According to labelled data

In [None]:
topic_sets = [[1, 3], [0, 12], [2, 4, 5, 6, 8, 9, 13, 14, 15, 16, 17, 18]]
topic_model_small.merge_topics(docs = docs_subset, topics_to_merge = topic_sets)

In [None]:
topic_model_small.get_topic_info()

**Check what results look like**

In [None]:
topic_predictions = topic_model_small.get_document_info(docs_subset)
topic_predictions

In [None]:
# Attach predicted topics onto original dataset
df_subset = df.loc[df.text.isin(docs_subset)]

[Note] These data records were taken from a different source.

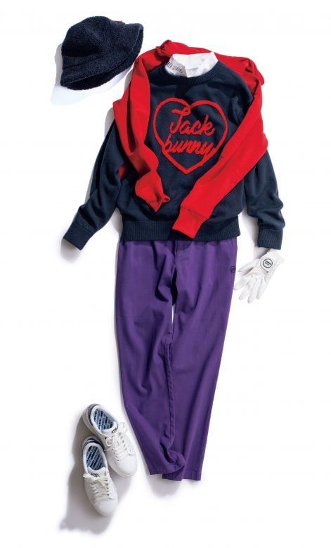 普段、着慣れない色も、顔から離れているパンツ、しかもスリムならボリュームがないので取り入れやすいはず。とくに秋冬はカラフルな色が映えるので、積極的にアクティブカラーにトライを。パープルのストレッチパンツはマットな風合いが上品で、ほどよく個性的。ネイビーのバルキーニットを合わせたプレッピー風コーデで、好感度アップ!パンツ¥14,300、ハット¥6,600(共にロサーセン/グリップインターナショナル) 肩に掛けたパーカ¥15,180(チャンピオン/ヘインズブランズ ジャパン カスタマーセンター) ニット¥17,600、グローブ〈片手〉¥3,080、シューズ¥17,600(以上ジャックバニー!! ) モックネック¥11,000(アディダスゴルフ/アディダス ゴルフお客様窓口)
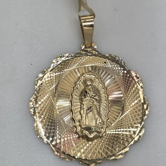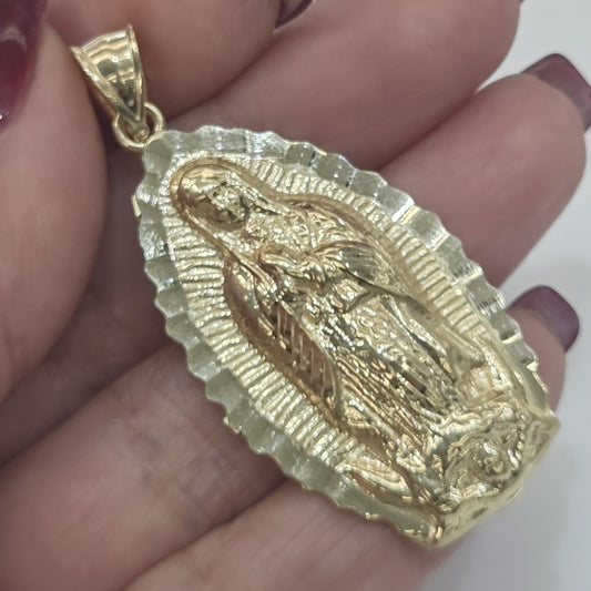 10k yellow gold Guadelupe virgin Mary pendant charm diamond cut 2 Inches long
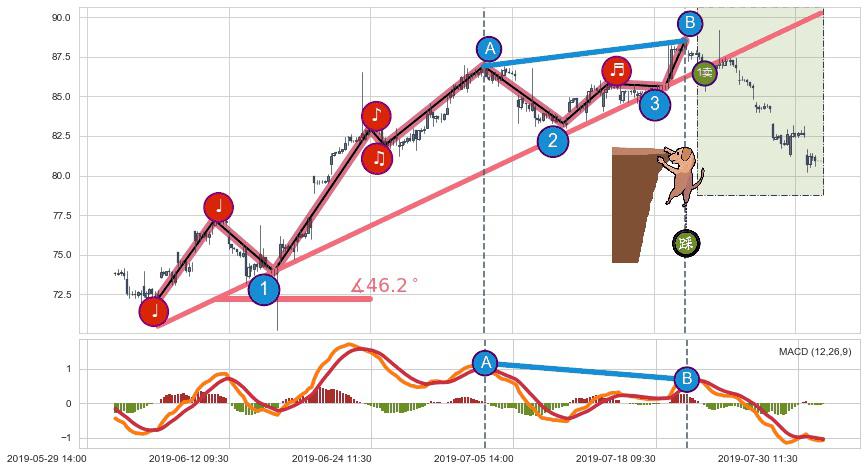 ➢ 最后的上涨趋势2019-06-04 15:00至2019-07-26 09:30:存在破位迹象,后续小调整或者反转下跌
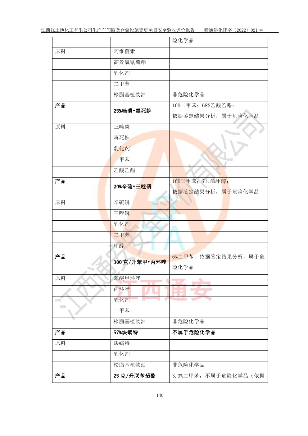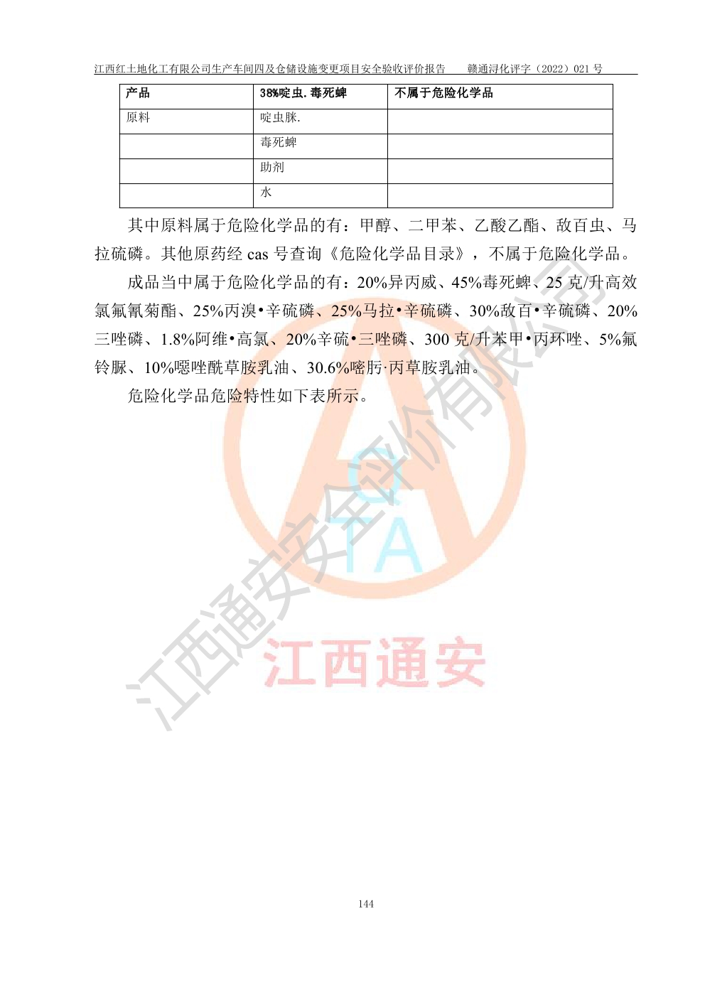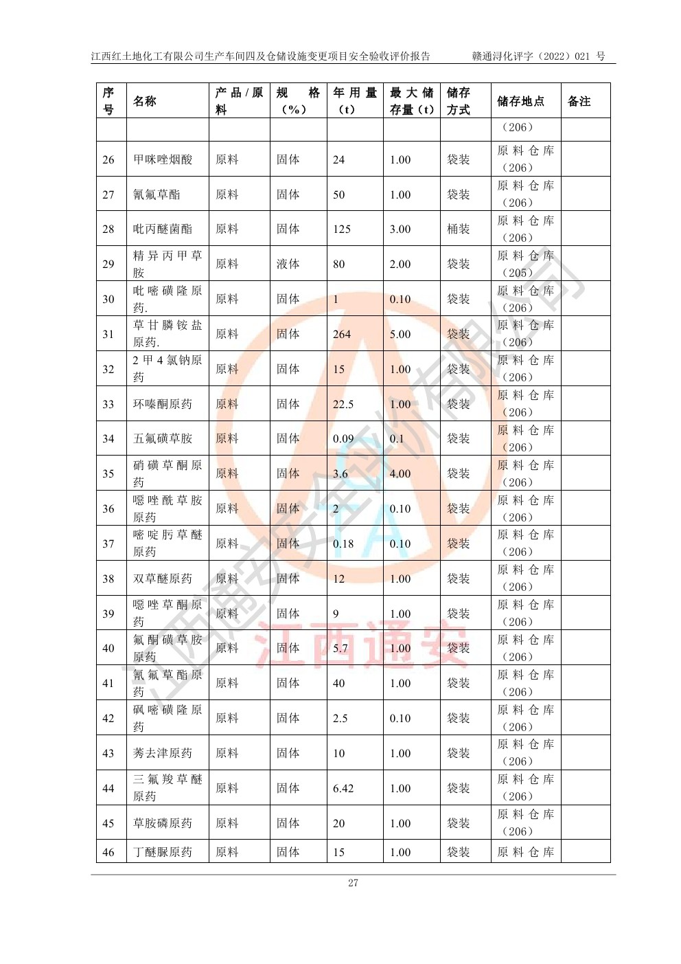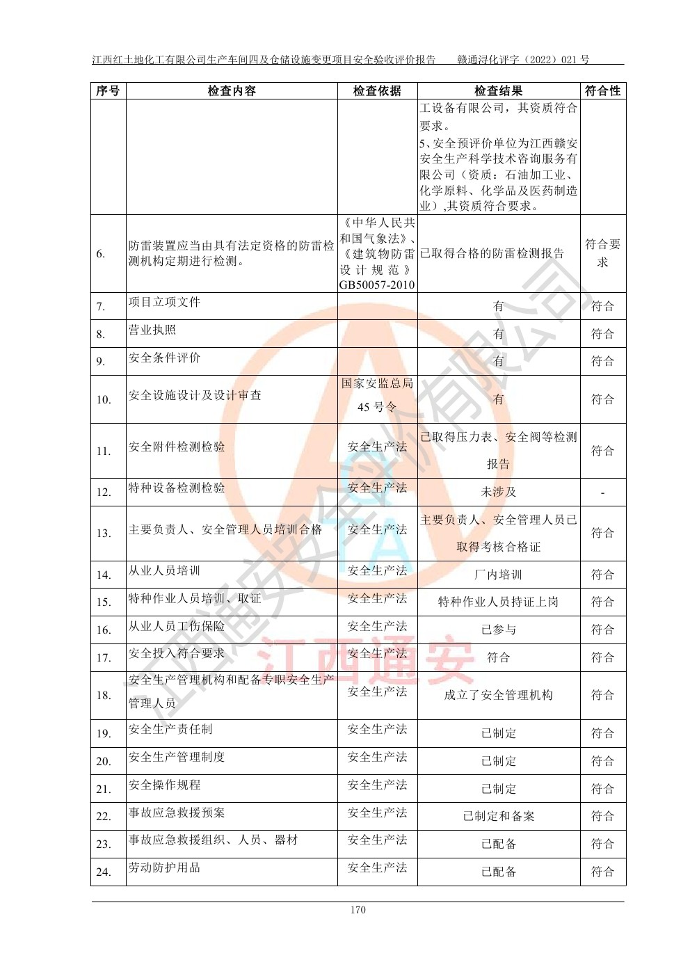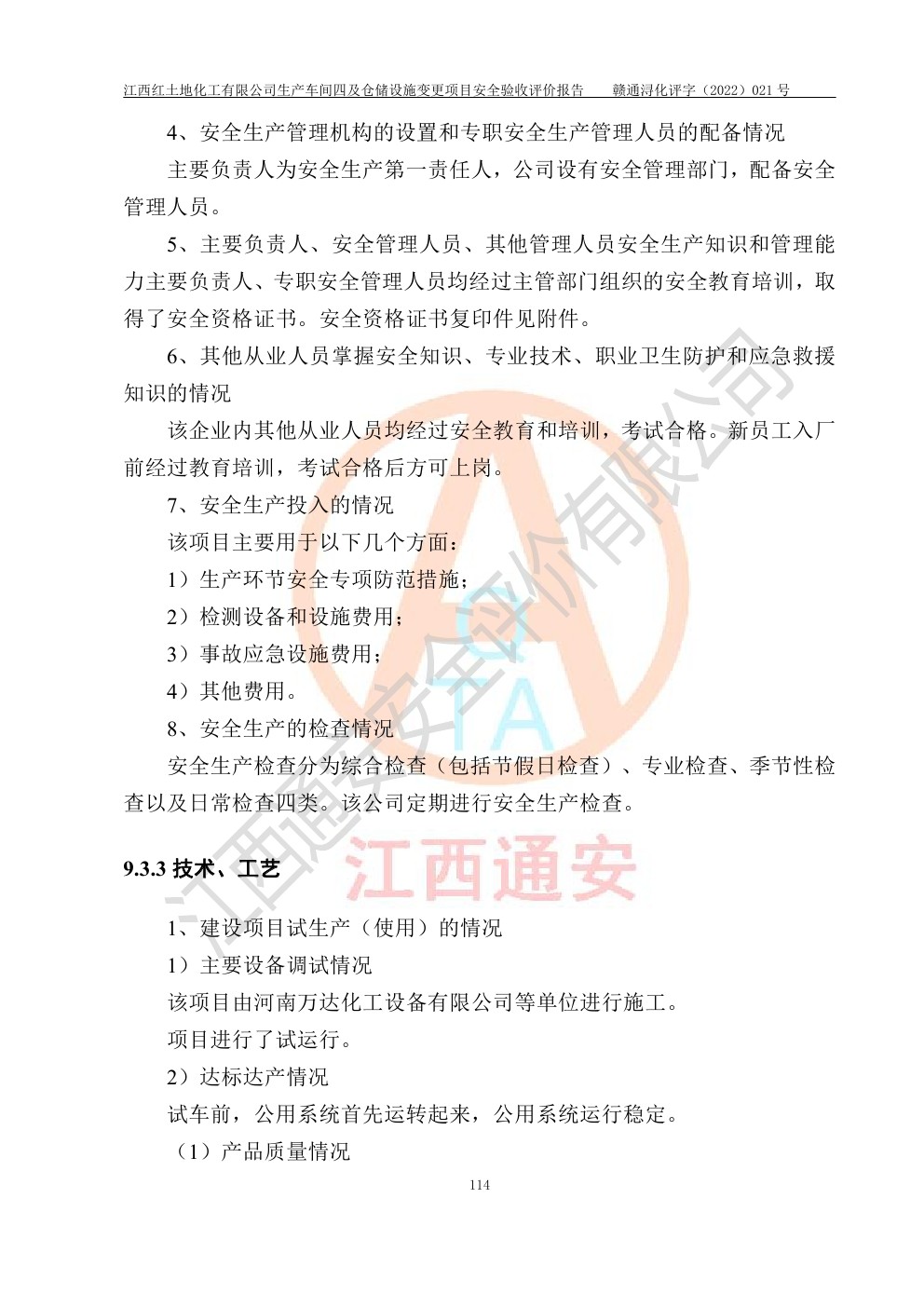 江西红土地化工有限公司生产车间四及仓储设施变更项目安全验收评价报告
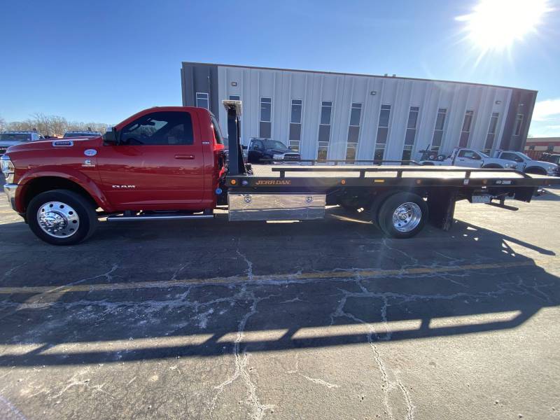 2022 Ram 5500 Reg Cab 4x2, Diesel, Automatic, SLT, Spring Ride, Hydraulic Brakes, 82,992 miles, AM/FM, Jerr-Dan 20' Steel Removable Rail 6 Ton Wide Lo Profile Carrier, 8,000LB Winch, LED Lightbar, (2) 60" Toolboxes
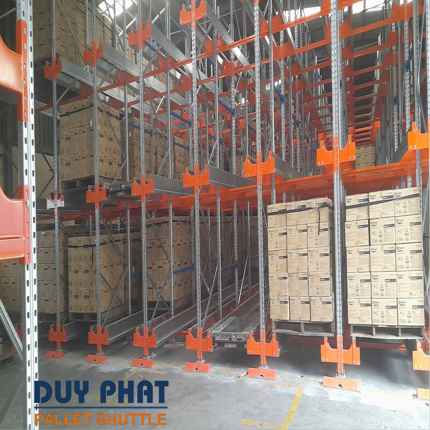 Kệ Robot Shuttle là dạng kệ chứa được thiết kế đặc biệt, tối ưu sức chứa của kho hàng bằng cách tận dụng không gian các lối đi. Hệ thống kệ shuttle bao gồm những dãy kệ được lắp liên tiếp nhau, lối đi giữa các làn kệ được tối giản. Pallet hàng hóa sẽ được di dời bằng các robot di chuyển trên đường ray, giúp giảm thiểu đáng kể thời gian lưu kho.
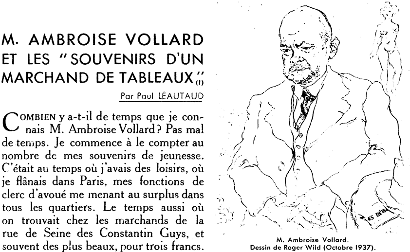 Paul Léautaud a quelques fois rencontré Ambroise Vollard. Marie Dormoy le connaissait bien, elle fut à partir de 1930 sa secrétaire suppléante, ou sa dame de compagnie, comme on voudra.
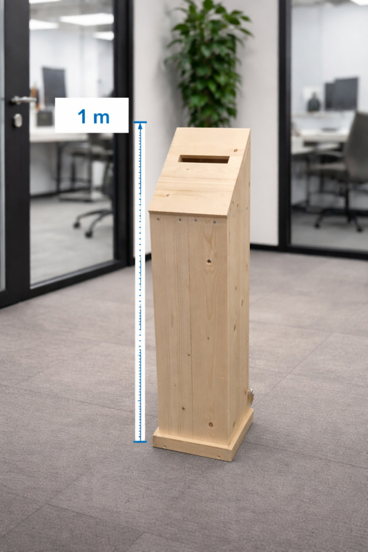 Geef ideeën en feedback een stijlvolle plek met deze houten ideeënbus in zuilvorm. Met een hoogte van 100 cm en een robuuste uitstraling is dit een opvallende en functionele toevoeging aan elke ruimte.

df_pred_exp = df_subset.copy()
df_pred_exp["predicted_topic"] = topic_predictions["Topic"]
df_pred_exp["predicted_topic_prob"] = topic_predictions["Probability"]

df_pred_exp

**Compare actual categories to predicted topics:**

In [None]:
conf_matrix = pd.crosstab(df_pred_exp['target'], df_pred_exp['predicted_topic'], rownames=['Actual'], colnames=['Predicted'])
print (conf_matrix)

In [None]:
#Plot confusion matrix heatmap
plt.figure(figsize=(10, 10))
sns.set(font_scale=1.5)

sns.heatmap(conf_matrix,
            cmap='coolwarm',
            annot=True,
            fmt='.5g',
            vmax=200)

plt.xlabel('Predicted',fontsize=22)
plt.ylabel('Actual',fontsize=22)

Look at topics:

In [None]:
topic_model_small.get_topic(2)

In [None]:
topic_model_small.get_topic(0)

In [None]:
topic_model_small.get_topic(1)

--------

**Manually merge topics**

Based on topic hierarchy

In [None]:
# Load previous model
topic_model_small2 = BERTopic.load("models/my_model_small")

In [None]:
topic_sets = [[11,15,16],[3,4,5],[0,2,9,1,7,12]]
topic_model_small2.merge_topics(docs = docs_subset, topics_to_merge = topic_sets)

In [None]:
topic_model_small2.get_topic_info()

**Check what results look like**

In [None]:
topic_predictions = topic_model_small2.get_document_info(docs_subset)
topic_predictions

In [None]:
# Attach predicted topics onto original dataset
df_subset = df.loc[df.text.isin(docs_subset)]

df_pred_exp = df_subset.copy()
df_pred_exp["predicted_topic"] = topic_predictions["Topic"]
df_pred_exp["predicted_topic_prob"] = topic_predictions["Probability"]

df_pred_exp

**Compare actual categories to predicted topics:**

In [None]:
conf_matrix = pd.crosstab(df_pred_exp['target'], df_pred_exp['predicted_topic'], rownames=['Actual'], colnames=['Predicted'])
print (conf_matrix)

In [None]:
#Plot confusion matrix heatmap
plt.figure(figsize=(10, 10))
sns.set(font_scale=1.5)

sns.heatmap(conf_matrix,
            cmap='coolwarm',
            annot=True,
            fmt='.5g',
            vmax=200)

plt.xlabel('Predicted',fontsize=22)
plt.ylabel('Actual',fontsize=22)

This doesn't give the results expected.